O amplo conjunto de direitos económicos, sociais, políticos e culturais ora consagrados não tem paralelo em Constituições anteriores. Os direitos fundamentais foram inscritos na Parte I. O seu Título II, respeitante aos direitos, liberdades e garantias, consagra um vasto elenco de direitos, como o direito à vida e à integridade pessoal, a proibição da pena de morte, da tortura e de penas cruéis, infamantes ou desumanas; o direito à liberdade e à segurança; um amplo conjunto de garantias dos cidadãos em processo penal; a liberdade de expressão e informação; a liberdade de consciência, de religião e de culto; a liberdade de criação cultural; o direito de reunião, manifestação e associação; os direitos de participação na vida pública, incluindo os direitos de sufrágio, de acesso a cargos públicos, de petição e de ação popular; os direitos liberdades e garantias dos trabalhadores, incluindo a segurança no emprego, a liberdade sindical e a greve.

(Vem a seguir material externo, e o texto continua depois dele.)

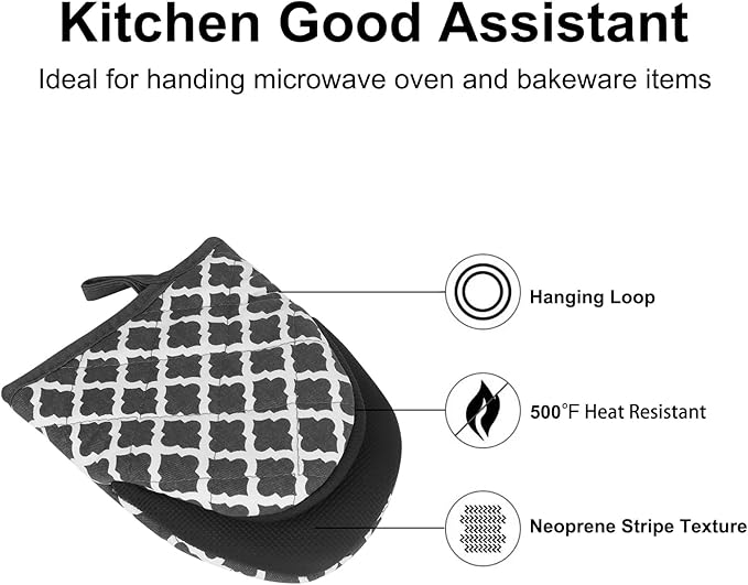 • PROTECT YOUR HANDS: These pot holder has 2-layer, with soft inner. They will protect your hands from heat, steam and grease. These mitts measure 6.8 inches x 5.3 inches, perfect for small hands.

Além disso, consagra um amplo conjunto de direitos económicos, sociais e culturais: o direito ao trabalho, à segurança social, à saúde, à habitação, ao ambiente e qualidade de vida, à educação, à proteção na infância, na juventude, na deficiência, na terceira idade.
Politicamente, rompeu com a concentração de poderes da ditadura e quis evitar os erros da I República, promovendo a separação e a interdependência entre os órgãos de soberania. Assumiu a forma republicana de Governo como valor matricial e adotou um sistema misto parlamentar-presidencial (semipresidencialismo), em que a legitimidade do Presidente e do Parlamento eleitos democraticamente concorrem para a efetivação da responsabilidade política dos governos. Ademais, a criação das autonomias regionais, a afirmação do poder local e a independência do poder judicial, constituem também elementos identitários deste regime constitucional.
Como republicana e democrática deve ser defendida pela República para que dure e luza.